The Rosetta system saves the new validation stack rule and can use it to identify a specific action to be taken.
Updating a Rule
Technical Analysts can update a rule to modify its input or output parameters.
To update an auto-correction rule:
- On the List of Rules page, locate the auto-correction rule that you want to update and click Update. The Rule Details page opens.
- Modify the fields that you want to update, and then click Save.

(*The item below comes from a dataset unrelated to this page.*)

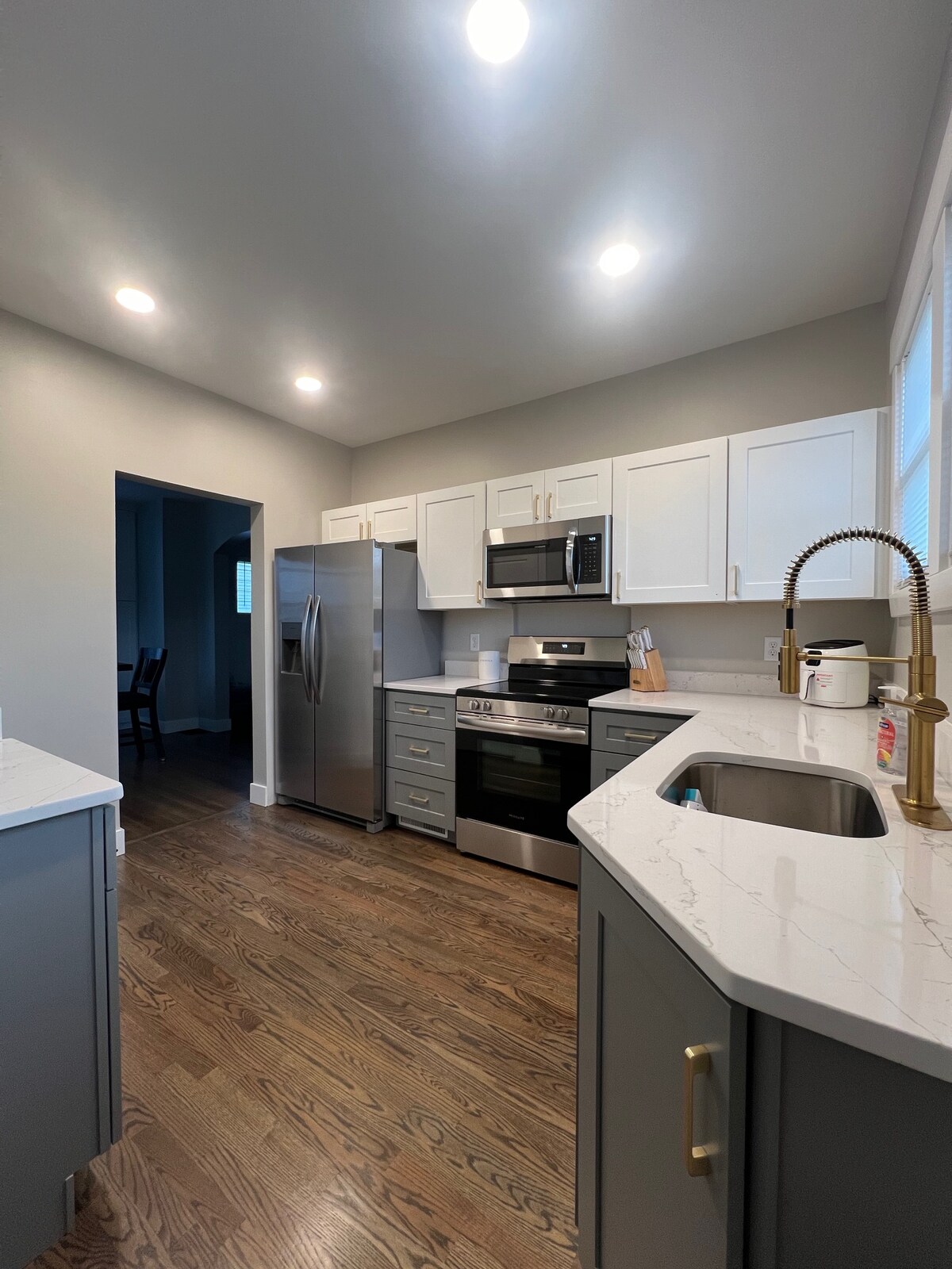 Maison de ville élégante entièrement rénovée de 3 chambres pouvant accueillir 8 personnes. Situé à 2 minutes du centre-ville de Cincinnati et Village de Mainstrasse. À moins de 5-10 minutes de la plupart des principales attractions. À 10 minutes de l'aéroport et à 35 minutes de Ark Encounter. Marchez jusqu'aux stades. Une cuisine entièrement approvisionnée, du café et une cafetière, une terrasse avec vue sur la ville, un porche arrière fermé par un écran. Allée pour le stationnement hors de la rue et stationnement gratuit dans la rue. Blanchisserie et wifi gratuits sur place. Vous aimerez les équipements et la commodité autant que nous !

The Rosetta system now uses the updated parameters.
Re-Ordering Rules
To determine the rule that must be used for a specific file, the Rosetta system compares the input parameters defined in a rule with the parameters of the file.
Rules are analyzed in the same order as they are displayed on the List of Rules page. The Rosetta system uses the first auto-correction rule found that match the parameters of the file.
Technical Analysts can change the order of rules.
To re-order auto-correction rules:
- On the List of Rules page, in the Set Order column, use the up and down arrows to change the order of the rules.
- Click Save.
The Rosetta system now processes the rules in the newly defined order.
Duplicating a Rule
Technical Analysts can duplicate an existing rule. This is especially helpful when creating a new auto-correction rule. It is often faster to duplicate an existing auto-correction rule and then modify it, than to create a new rule.
To duplicate a rule:
On the List of Rules page, locate the auto-correction rule that you want to duplicate, and click Duplicate in its row.
An exact copy of the rule is added to the List of Rules page. The Rosetta system automatically labels the new rule with the name Copy of followed by the name of the original rule.
Activating and Deactivating a Rule
Technical Analysts can activate or deactivate a rule. After an auto-correction rule is deactivated, it is no longer available to the Rosetta system for matching.
On the List of Rules page, the status of the rule is indicated by the check mark in the Active column:
- Yellow – The auto-correction rule is active.
- Grey – The auto-correction rule is inactive.
To activate or deactivate an auto-correction rule:
- On the List of Rules page, locate the auto-correction rule you want to activate or deactivate.
- In the Active column, click the check mark.
The page refreshes, and the check mark in the Active column indicates the new status. (The rule is changed from active to inactive, or from inactive to active.)
Exporting a Rule
Technical Analysts can export rules to share them with other institutions.
To export rules, on the List of Rules page, click Export Rules. Rosetta generates a CSV with all the rules' details.
Deleting a Rule
Technical Analysts can delete an existing rule. After a rule is deleted, it is no longer available to the Rosetta system for matching.
To delete a rule:
- On the List of Rules page, locate the rule you want to delete and click Delete. The confirmation page opens.
- Click OK.
The rule is deleted from the Rosetta system.